*** Data Section Begins ***

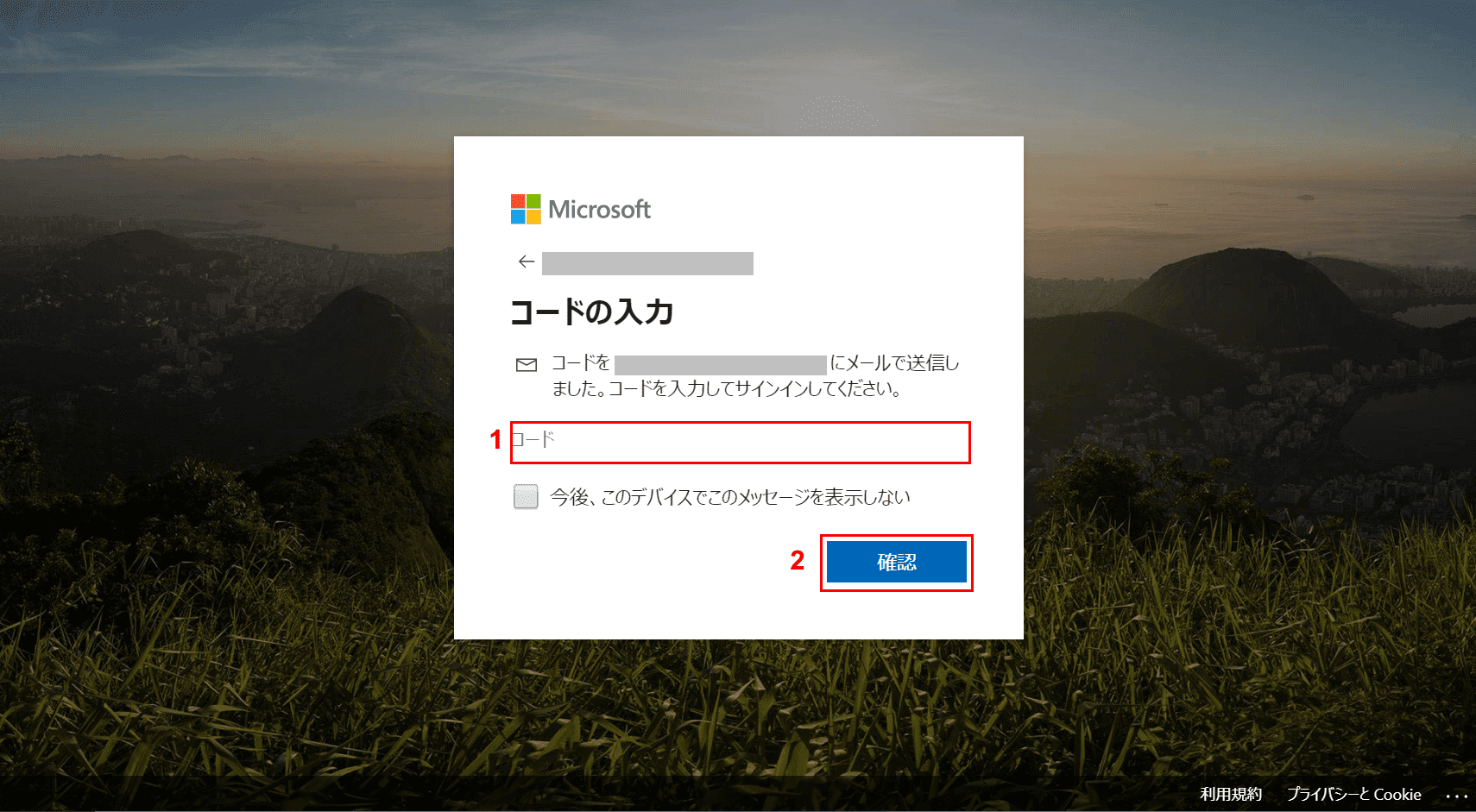 「コードの入力」画面で①コピーしたセキュリティコードをCtrl+Vでペーストし、②【確認】ボタンを押します。
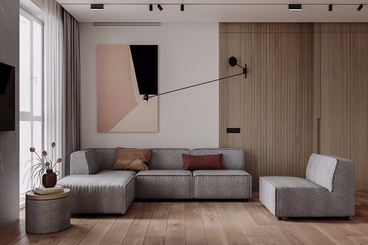 首先解决了背景暗门阻碍设计局限 同时关联到入门的玄关背景一体,在材质的选用是具有肌理感的木纹墙板和纯净的白色烤漆墙板,木纹的实与白色的虚两者交替融汇 伴随阳光的出现整个空间富有律动,留白的切割效果视觉上拉伸了背景 同时延伸了整体室内横向空间。
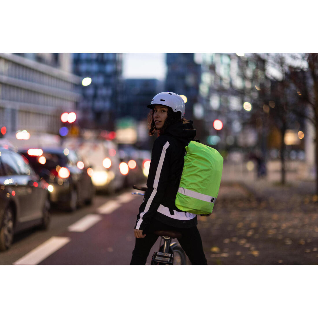 Dos en uno: protege tu mochila de la lluvia y aumenta tu visibilidad. Esta funda de protección impermeable y fluorescente hace que tu espalda sea visible, día y noche.
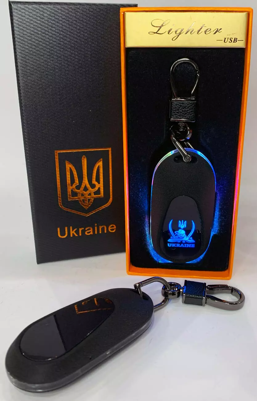 Электрическая зажигалка - брелок Украина (с USB-зарядкой и подсветкой⚡️) HL-473 Black mate
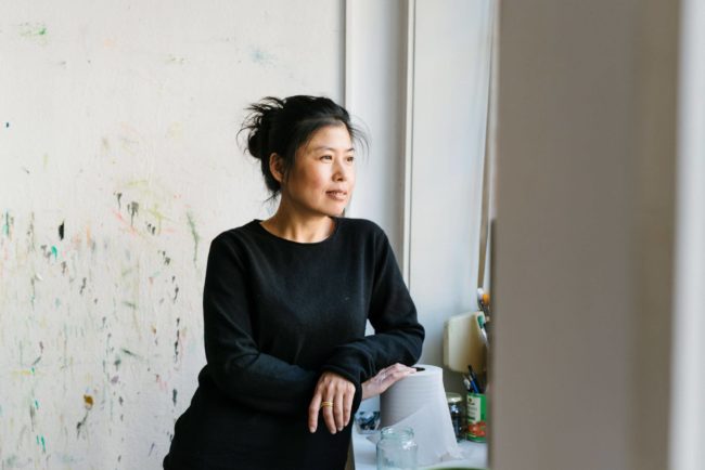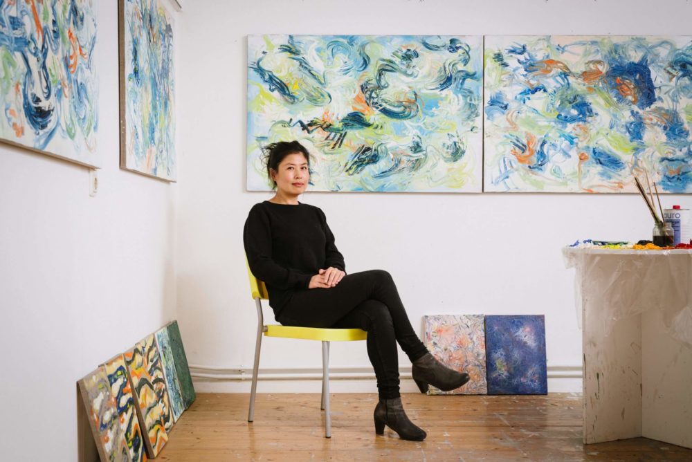 „Etwa acht Jahre lang bewege ich mich in dieser ‚Schwimmphase‘“, lacht Huang und erzählt, dass sie währenddessen, im Jahr 2007, auch ihr heutiges Atelier bezieht. Die Lage könnte nicht besser sein: Das Museum für Moderne Kunst liegt vis-à-vis, die Galerien im Kunstquartier und die Schirn Kunsthalle sind nur einen Steinwurf entfernt. An der Nordseite des nach Osten ausgerichteten Arbeitsraums hängen zwei große Leinwände direkt an der Wand, die eine begonnen, die andere noch leer. Eine Staffelei gibt es nicht, der Gesamteindruck ist schlicht und zweckmäßig.
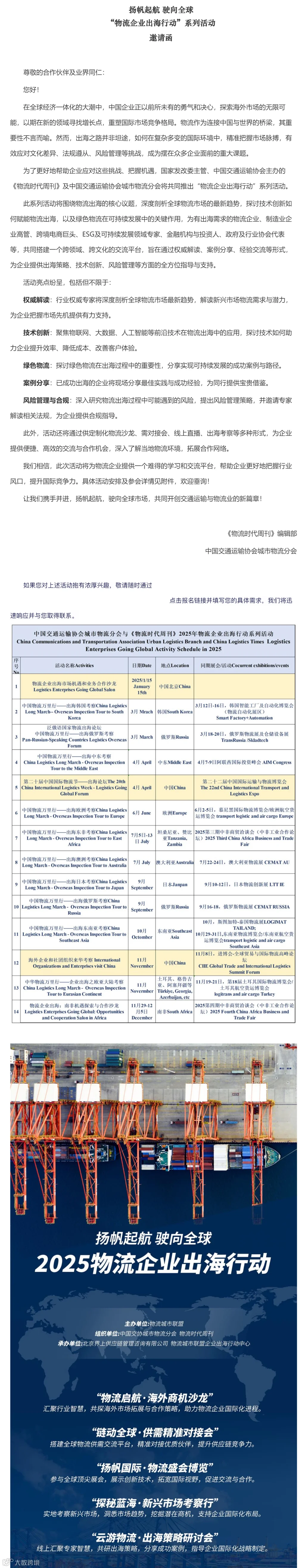 扬帆启航 驶向全球:2025物流企业出海行动系列活动

*** Data Section Ends ***

## Problem statement
Restate the records in full and word for word, but keep the pictures out.

## Output of the exercise
 「コードの入力」画面で①コピーしたセキュリティコードをCtrl+Vでペーストし、②【確認】ボタンを押します。
 首先解决了背景暗门阻碍设计局限 同时关联到入门的玄关背景一体,在材质的选用是具有肌理感的木纹墙板和纯净的白色烤漆墙板,木纹的实与白色的虚两者交替融汇 伴随阳光的出现整个空间富有律动,留白的切割效果视觉上拉伸了背景 同时延伸了整体室内横向空间。
 Dos en uno: protege tu mochila de la lluvia y aumenta tu visibilidad. Esta funda de protección impermeable y fluorescente hace que tu espalda sea visible, día y noche.
 Электрическая зажигалка - брелок Украина (с USB-зарядкой и подсветкой⚡️) HL-473 Black mate
 „Etwa acht Jahre lang bewege ich mich in dieser ‚Schwimmphase‘“, lacht Huang und erzählt, dass sie währenddessen, im Jahr 2007, auch ihr heutiges Atelier bezieht. Die Lage könnte nicht besser sein: Das Museum für Moderne Kunst liegt vis-à-vis, die Galerien im Kunstquartier und die Schirn Kunsthalle sind nur einen Steinwurf entfernt. An der Nordseite des nach Osten ausgerichteten Arbeitsraums hängen zwei große Leinwände direkt an der Wand, die eine begonnen, die andere noch leer. Eine Staffelei gibt es nicht, der Gesamteindruck ist schlicht und zweckmäßig.
 扬帆启航 驶向全球:2025物流企业出海行动系列活动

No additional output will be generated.